Le Maroc avait le choix après l’indépendance entre épouser les thèses socialisto-marxistes que certains pays arabo-islamiques ont épousé (l’Irak, l’Egypte, la Lybie, l’Algérie, …) ou poursuivre son « amourette » qui dure depuis bientôt 3 siècles avec Washington.

 

Le Maroc a-t-il aujourd’hui les moyens de s’affranchir de l’Oncle Sam (comme l’Arabie Saoudite ou les pétromonarchies qui tous ont décidé de jouer le jeu de la Maison blanche) ?

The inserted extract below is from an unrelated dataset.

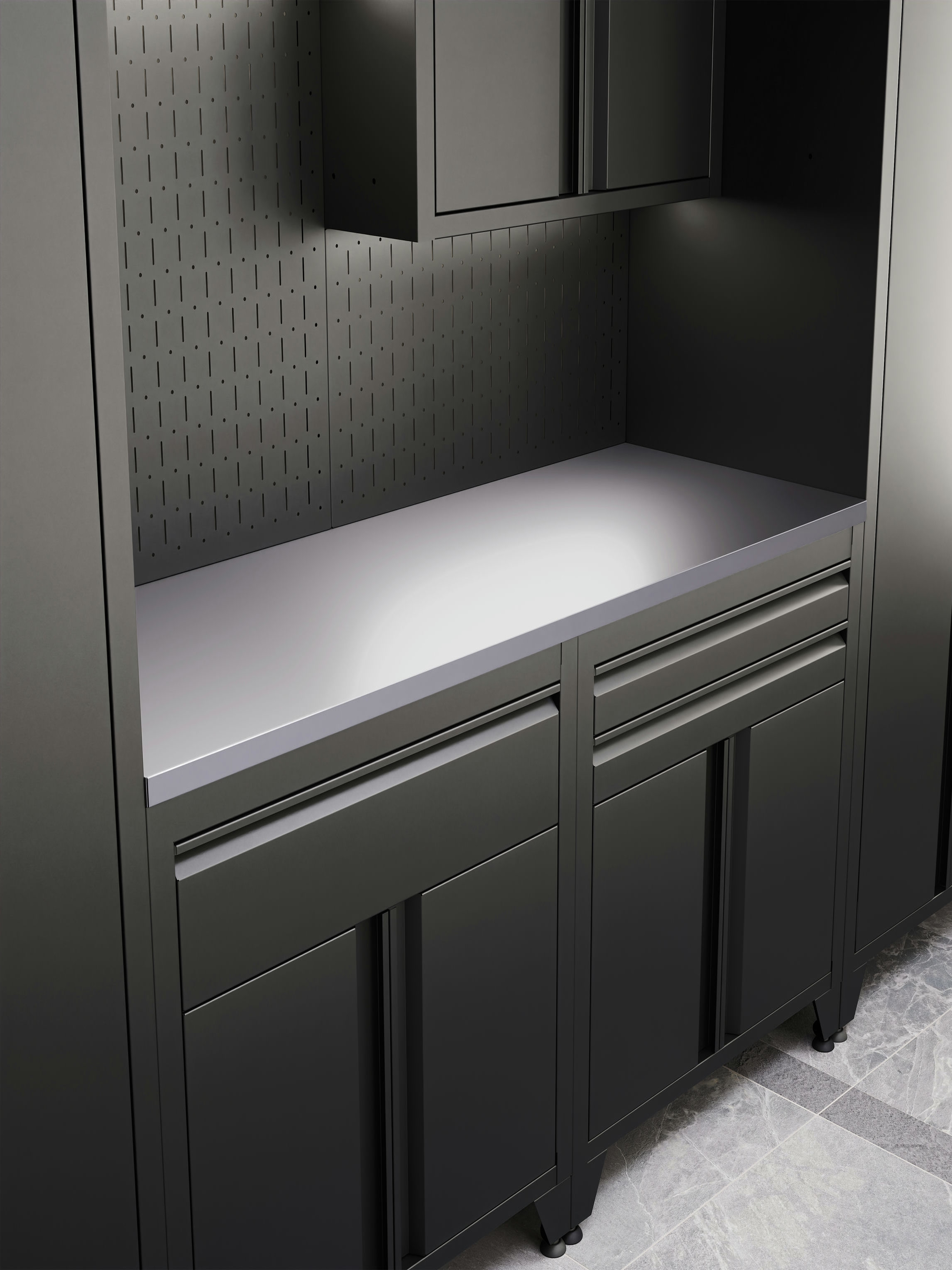 - имеют 25-миллиметровую столешницу, покрытую оцинкованным листом, изготовлены из стали с матовым чёрным порошковым покрытием;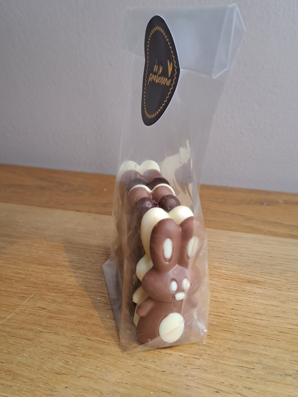 Zakje met 8 figuurtjes (halve paashaasjes) van volle chocolade in de 3 kleuren van chocolade (wit, melk en puur).

La chute du mur de Berlin pouvait le laisser penser, cependant la lutte « contre le terrorisme » semble avoir ressoudé de nouveau les liens entre Rabat et Washington ou les liens politiques et notamment sur la sensible question de la sécurité semble avoir déroulé le tapis rouge pour au moins deux décennies de collaboration…qui pourrait retarder l’éclosion d’une vraie démocratie tant la question de la sécurité semble ici mais aussi partout dans le monde être devenu l’alpha et l’oméga de la marche du monde…

 

Enfin, le Maroc reste un bon élève aux yeux des Occidentaux pour plusieurs raisons : une ouverture à la démocratie qui bégaie mais qui permet au pays de connaître une stabilité politique et économique avec un Makhzen fort. Le poids de l’islam (de rite malékite et imprégné de soufisme) géré par l’Etat et qui fait du Roi, le commandeur politique et religieux du pays est fait pour rassurer les capitales européennes les plus sourcilleuses ou la question de l’islam est devenu central. Enfin, le Maroc semble depuis une décennie être redevenu un pays ouvert (malgré l’un ou l’autre acte terroriste vite maitrisé) au tourisme et aux investisseurs, ce qui explique qu’il a souvent aux yeux de Washington et Bruxelles, un statut avancé (sur le plan économique et politique).

 

Rappelons-nous qu’au début des années 80, le Roi Hassan II avait officiellement introduit une demande pour que ce pays fasse partie de l’Union Européenne. Beaucoup avait ri à l’époque, mais cette demande ne semble pas si naïve que cela pour ceux qui savent qu’intérêt économique et politique va au-delà d’une simple frontière géographique (qui aujourd’hui sépare ce pays de l’Europe de 14 petits kilomètres…). On le voit clairement avec Israël, situé en Asie est qui prochainement risque de faire partie de l’Union européenne.

 

Que serait devenu le pays avec la réussite du putsch militaire des années 70 ou une révolution type « bolchevique » ou encore un partage des pouvoirs avec des formations politiques plus à gauche ?

 

Le Maroc n’aurait il pas sombré comme l’Algérie ou l’Irak ? Le choix de l’Oncle Sam ne démontre t’il pas toute l’intelligence et le pragmatisme politique de la dynastie Alaouite et du Roi Hassan II en particulier  ? Le Maroc 2010 existerait-il encore s'il avait fait le choix de Moscou ? Poser ces questions c’est peut-être déjà y répondre.

 

Une chose est sûre, le Maroc doit dans les années à venir modifier sa politique nationale (ce qu’il a déjà commencé à faire avec prochainement des régions autonomes… ?) en adoptant un système plus équitable pour mettre fin aux fléaux qui touche les pays en voie de développement : la pauvreté, la corruption et la prostitution.

 

Si ce pays aux multiples potentiels a démontré qu’il avait peut-être sur le plan international choisi le bon cheval (était-il possible de ne choisir ni Washington, ni Moscou ???) en la personne de Washington (puisque l’URSS n’est plus), il se doit aujourd’hui de faire une introspection salutaire afin que ses citoyens marocains (et non plus ses sujets)  puissent enfin jouir de ce qui est considéré par certains comme « le plus beau pays du monde ».